*How to complete this task*: Return the data exactly, without pictures.

*Collected material*:
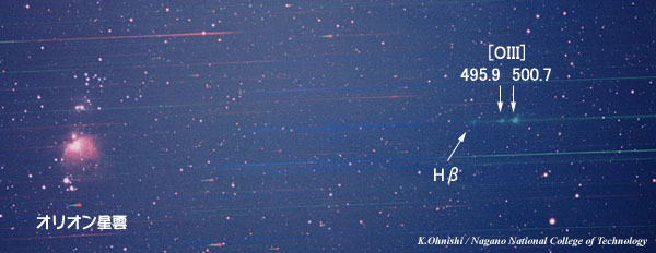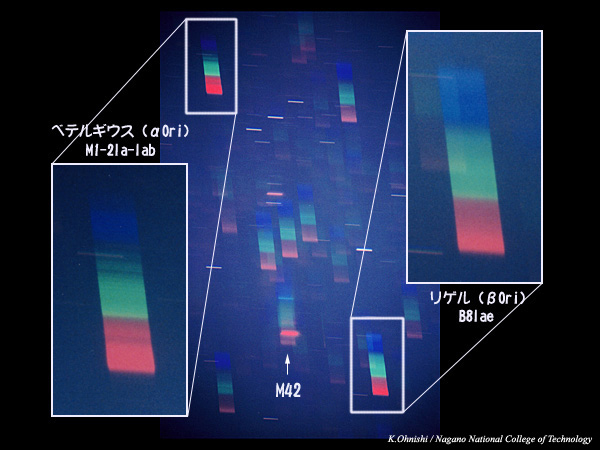 オリオン座の他の星を見ると, リゲルのスペクトルのように吸収線がほとんど見えていないことから, オリオン座は青い星=温度が高い星で形作られていることがわかります. またM42のスペクトルには,はっきりと輝線が見えています. 資料提供:大西浩次(長野工業高等専門学校) |
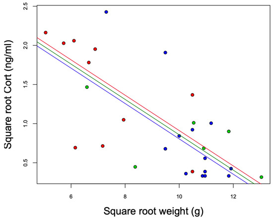 Negative association between the square root weight (g) and square root baseline Cort (ng/mL) of southern lapwing chicks during the 2018 austral spring in the Metropolitan Region of Santiago de Chile. Red: urban high-polluted site (n = 10). Blue: urban low-polluted site (n = 13). Green: rural site (n = 6).
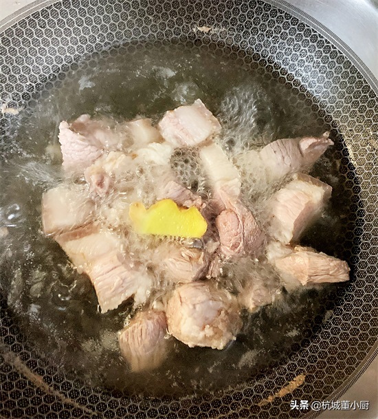 2、 鲜猪肉切小块,跟红烧肉差不多大小的块即可,冷水下锅,放生姜和料酒大火烧开去浮沫,这个汤汁过筛后别倒掉,等一下还要用到。

*Written solution*:
 オリオン座の他の星を見ると, リゲルのスペクトルのように吸収線がほとんど見えていないことから, オリオン座は青い星=温度が高い星で形作られていることがわかります. またM42のスペクトルには,はっきりと輝線が見えています. 資料提供:大西浩次(長野工業高等専門学校) |
 Negative association between the square root weight (g) and square root baseline Cort (ng/mL) of southern lapwing chicks during the 2018 austral spring in the Metropolitan Region of Santiago de Chile. Red: urban high-polluted site (n = 10). Blue: urban low-polluted site (n = 13). Green: rural site (n = 6).
 2、 鲜猪肉切小块,跟红烧肉差不多大小的块即可,冷水下锅,放生姜和料酒大火烧开去浮沫,这个汤汁过筛后别倒掉,等一下还要用到。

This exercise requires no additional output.